9. What This Actually Changes

Most AI systems that mention a website do so from incomplete information.

They visited a few pages. They processed a cached version. They read the most visible content and made inferences about the rest.

llms.txt does not guarantee accuracy. But it gives the model a complete, curated, current representation of the site — and removes most of the guesswork.

For a portfolio, that gap matters. The difference between "a developer who works with React" and "a full-stack engineer with specific expertise in multilingual content, distributed systems, and SEO infrastructure" is in the details. Those details live in the file.

Closing Reflection

robots.txt tells crawlers where not to go.
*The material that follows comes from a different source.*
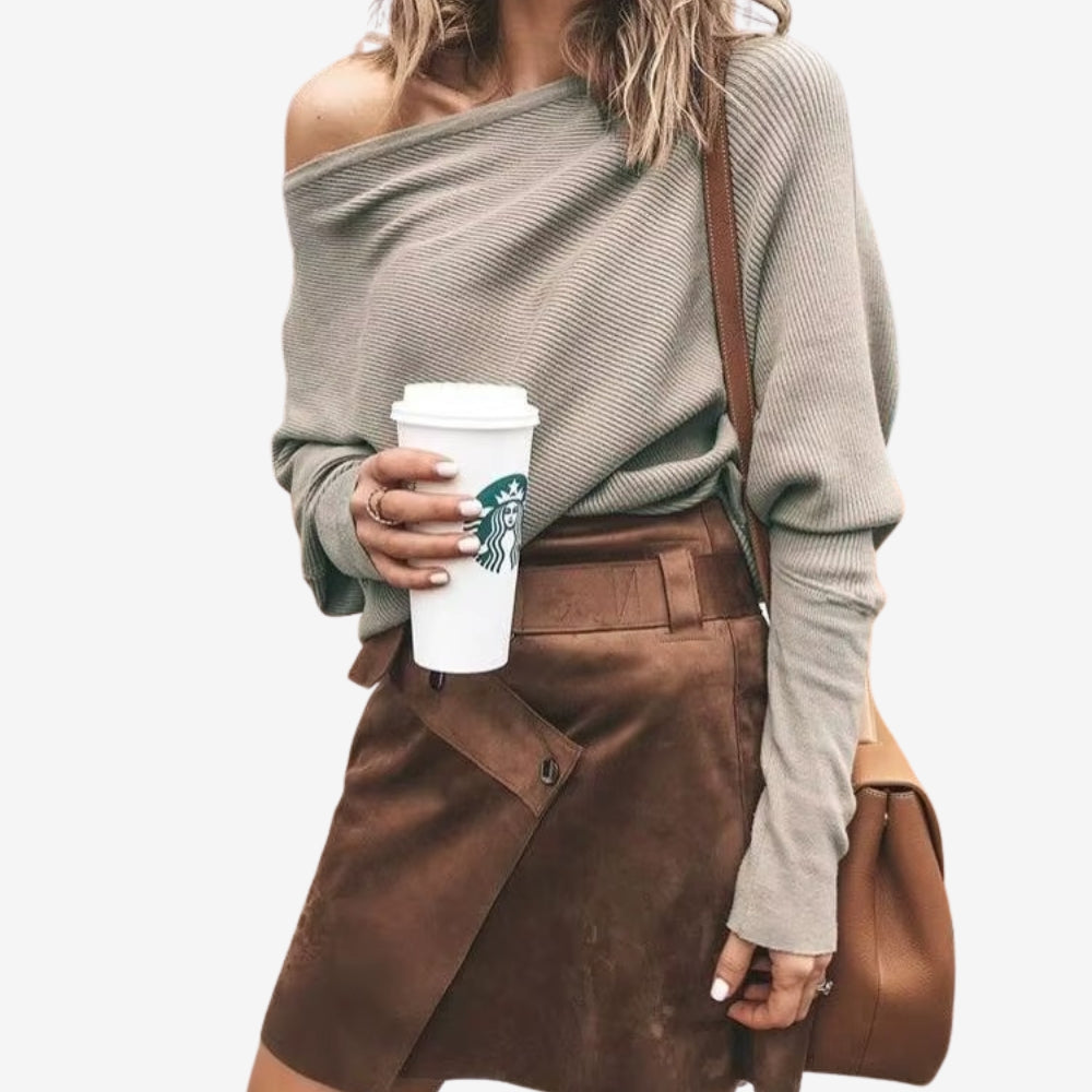 - Design: Maglione a maniche lunghe con spalle scoperte

llms.txt tells them what is actually here.

One is a boundary. The other is an introduction.

The web is being read by a different kind of reader now. Not just indexers that rank pages — but systems that synthesize information and answer questions on behalf of users.

The sites that explained themselves clearly will be understood more accurately. Not because of any algorithm trick. Just because they wrote the document.